West Ham would be wise to resist second bid for Serie A target

West Ham would be wise to resist second bid for Serie A target

It is difficult to know whether the perception that a move from seven-time European champions AC Milan to West Ham would represent career progression for Carlos Bacca is more a sign of the Premier League’s current enormity or of the Rossoneri’s stagnation.

After all, both clubs placed seventh in their leagues and there is no reason for the Italian giants to want rid of the 29-year-old after he rewarded their £21 million investment last summer with 18 goals in 36 Serie A starts, a tally only bettered by Gonzalo Higuain and Paulo Dybala for the top two.

However, the latest speculation is that a deal won’t be struck, with the Irons having a £15 million bid rejected and not yet returning with an improved offer, and it might be a blessing, as there are several reasons to suspect that he isn’t the perfect fit for their 8/1-rated top-four challenge.

One consideration when compared to other reported targets like Alexandre Lacazette and Michy Batshuayi is the lack of resale value provided by a player a few months shy of his 30th birthday.

Yet the bigger concern is that even though he adjusted well to Spain and Italy, none of the five Colombian strikers to head to the Premier League in the past excelled despite obvious potential.

The most memorable and recent was of course Radamel Falcao, who after seven successive double-figure seasons – scoring 34 or more in four of the final five – managed just 15 top-flight starts and five goals across campaigns on loan at first Manchester United and then Chelsea.

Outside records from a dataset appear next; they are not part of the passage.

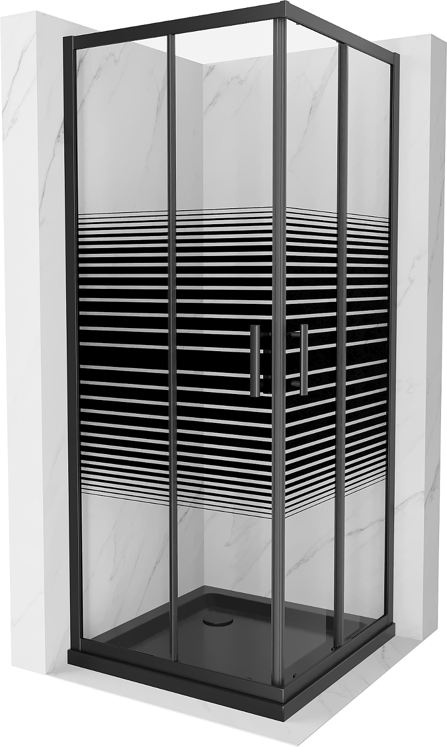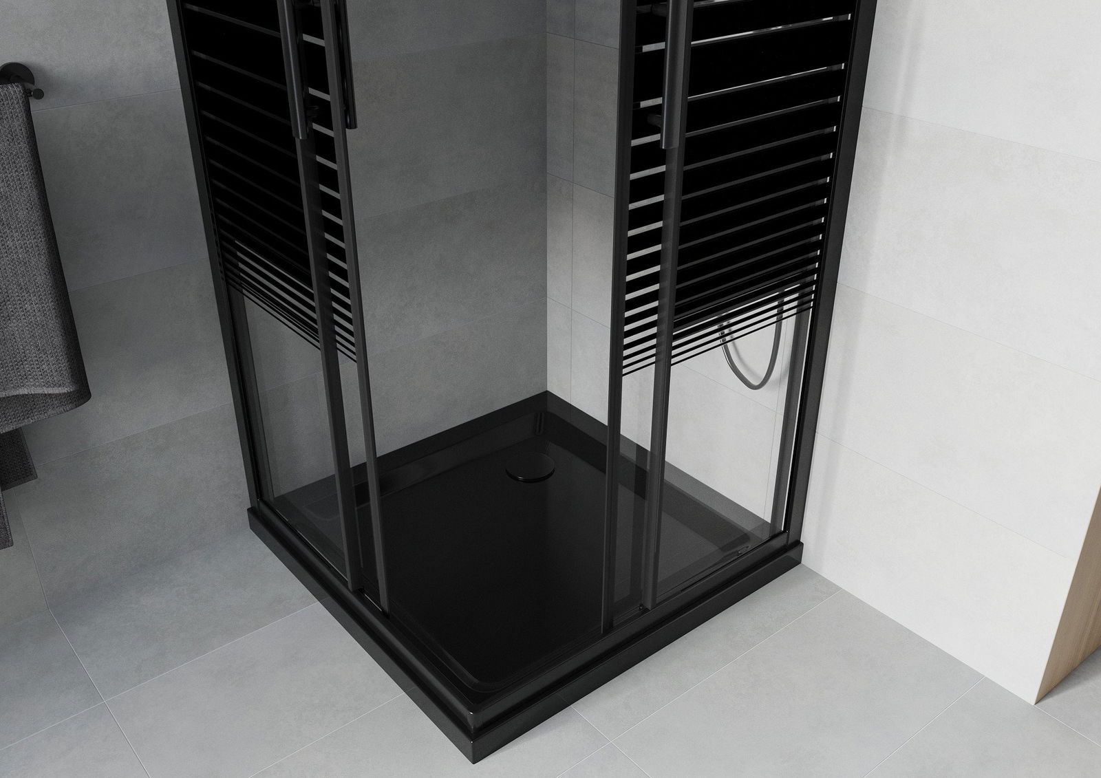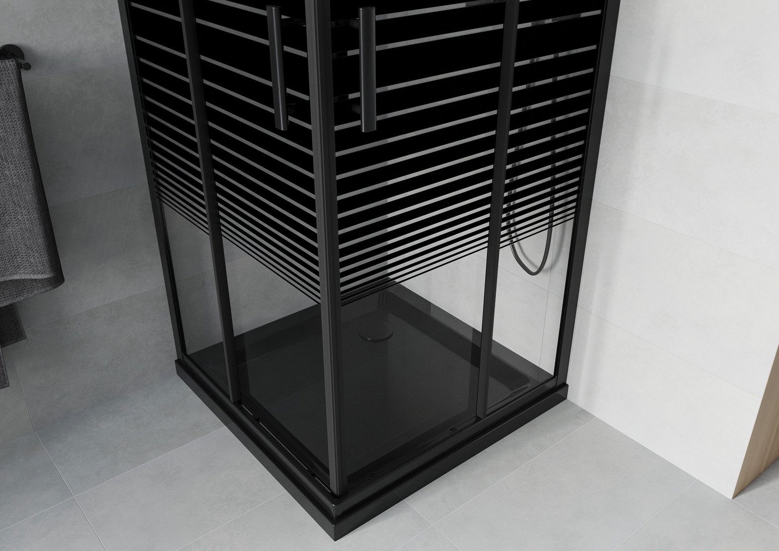 Mexen Rio cabine de douche carrée 70 x 70 cm, bandes noires, noire + receveur Flat, noir - 860-070-070-70-20-4070B
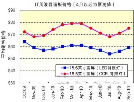 圖1:IT用液晶面板價格走勢(4月以后為預(yù)測值)
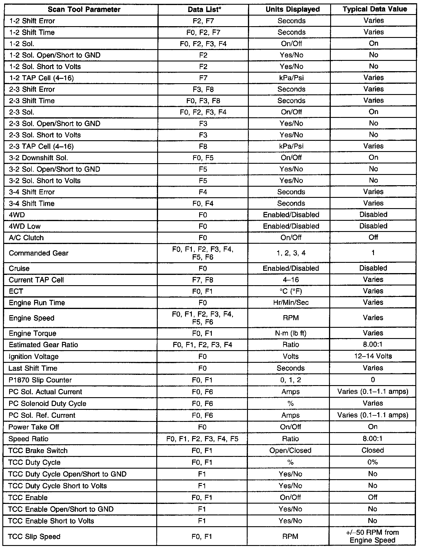 Transmission Scan Tool Data List (4.3 L)Use the scan tool data list under the following conditions:

History of Colombian players in the Premier League
Colombian strikers don’t traditionally settle swiftly in the Premier League

But the pattern commenced over 20 years ago when Faustino Asprilla joined a Newcastle side top of the table and appeared to unsettle them – they lost four of his first six starts and never recovered, while he signed off that initial half-term with three goals in 14 outings.

Juan Pablo Angel struggled to justify Aston Villa’s decision to break their transfer record for him in 2001, firing once in the league in his opening six months and 13 times in the next two complete seasons. He did get better to stick around for six years and depart on 44 strikes in 175 games, but he never delivered on his fee.

The same was true of Hugo Rodallega, bought by Wigan for £4.5 million in 2009. His four-and-a-half years in the north west yielded 24 goals in 112 league matches. Hamilton Ricard at Middlesbrough was the best of the bunch, albeit benefitting from a slimmer fee (£2 million) and still netting only 33 times in 115 league contests across the top two tiers.

Indeed, in addition to being spread across a 20-year period, the problems of Colombian attacking talents adapting to the Premier League even seems to affect those who operate on the flanks.

Chelsea spent £23.3 million on Juan Cuadrado in February 2015 and started him four times, while Victor Ibarbo managed just four cameos for Watford in 2015/16.